Poster
Fast Convergence of Belief Propagation to Global Optima: Beyond Correlation Decay
Frederic Koehler

Wed Dec 11th 10:45 AM -- 12:45 PM @ East Exhibition Hall B + C #174
Belief propagation is a fundamental message-passing algorithm for probabilistic reasoning and inference in graphical models. While it is known to be exact on trees, in most applications belief propagation is run on graphs with cycles. Understanding
the behavior of loopy'' belief propagation has been a major challenge for researchers in machine learning and other fields, and positive convergence results for BP are known under strong assumptions which imply the underlying graphical model exhibits decay of correlations.
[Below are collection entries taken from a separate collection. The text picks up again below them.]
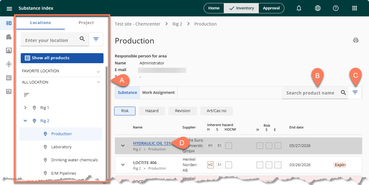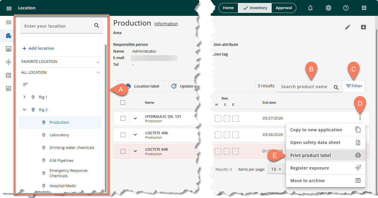 There are two areas in ChemCenter where you can access a product and print its product label. These areas are both in the A Inventory tab: the B Substance Index and the C Location tab.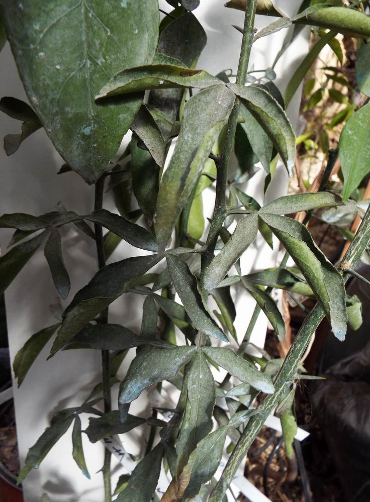 Уншиу Миагава на апельсине - изменение цвета листьев, многочисленные морозобоины на ветках, более низкую температуру не потянет. Здесь проявилось явное преимущество трефы как подвоя.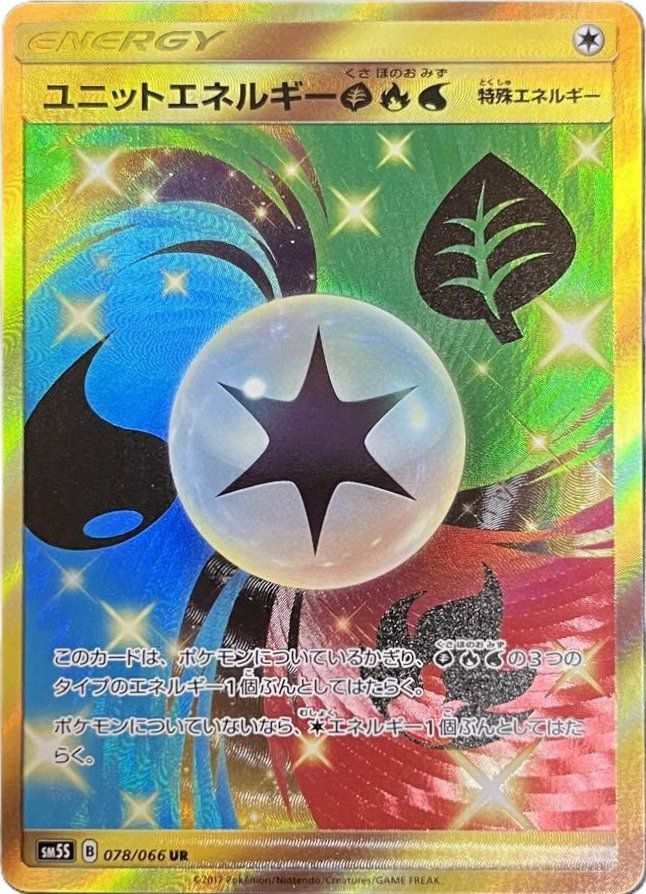 ユニットエネルギー草炎水(078/066)は、拡張パック「ウルトラサン」に収録されたウルトラレア(UR)の特殊エネルギーカードです。このカードは、ポケモンに付けている限り、草、炎、水の3タイプのエネルギー1個分として機能します。ポケモンに付いていない場合は、無色エネルギー1個分として働きます。複数のタイプのエネルギーを必要とするデッキで、柔軟なエネルギー供給をサポートします。UR版は、豪華なイラストと光沢が特徴で、コレクション性も高いカードです。
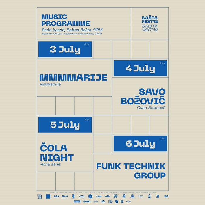Muzički program dvanaestog Bašta Festa, uz koji ćete plesati pod vedrim nebom na plaži Rača pored reke Drine, okupiće originalna imena domaće klupske scene. Na ovogodišnjem festivalu slušaćemo: MMMMARIJE, DJ Savu Božovića, Funk Technik Group – FTG, kao i tradicionalno Čola veče. Muzički program se od prošle godine vratio na plažu Rača, na obalu Drine, od 23h svake noći u toku trajanja festivala.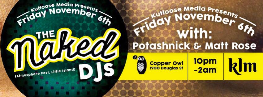 Kutloose media presents: Naked DJs @ Copper Owl Nov 6 2015 - Nov 14th @ Copper Owl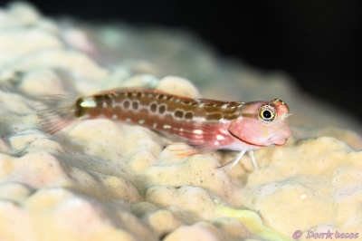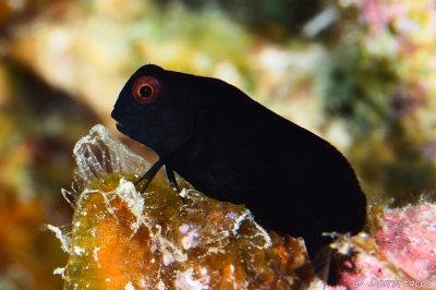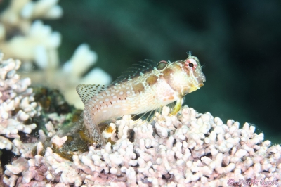 JUGEMテーマ:水中写真 カラフルなサンゴに乗ると決まるんだけど。正目から見るとイシガキカエルウオ似かも。 条鰭綱 スズキ目 イソギンポ科 ニラミギンポ属 ゴイシギンポ 石垣島 荒川沖 水深10m サイズ3cm 2019年7月 撮影:Don☆tacos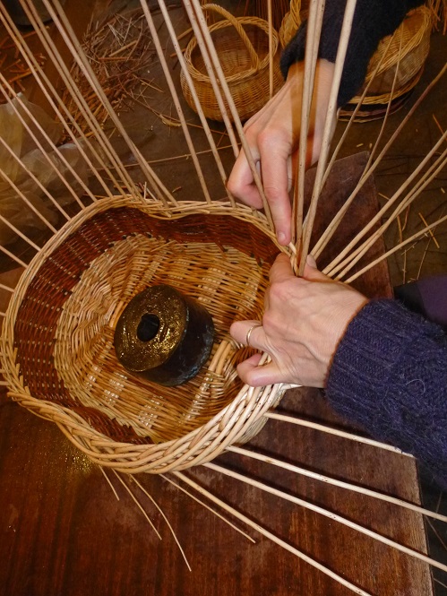 vannerie fine : paniers pleins, paniers à jour, en mélangeant parfois

We show, building on previous work of Dembo and Montanari, that under a natural initialization BP converges quickly to the global optimum of the Bethe free energy for Ising models on arbitrary graphs, as long as the Ising model is \emph{ferromagnetic} (i.e. neighbors prefer to be aligned). This holds even though such models can exhibit long range correlations and may have multiple suboptimal BP fixed points. We also show an analogous result for iterating the (naive) mean-field equations; perhaps surprisingly, both results are dimension-free in the sense that a constant number of iterations already provides a good estimate to the Bethe/mean-field free energy.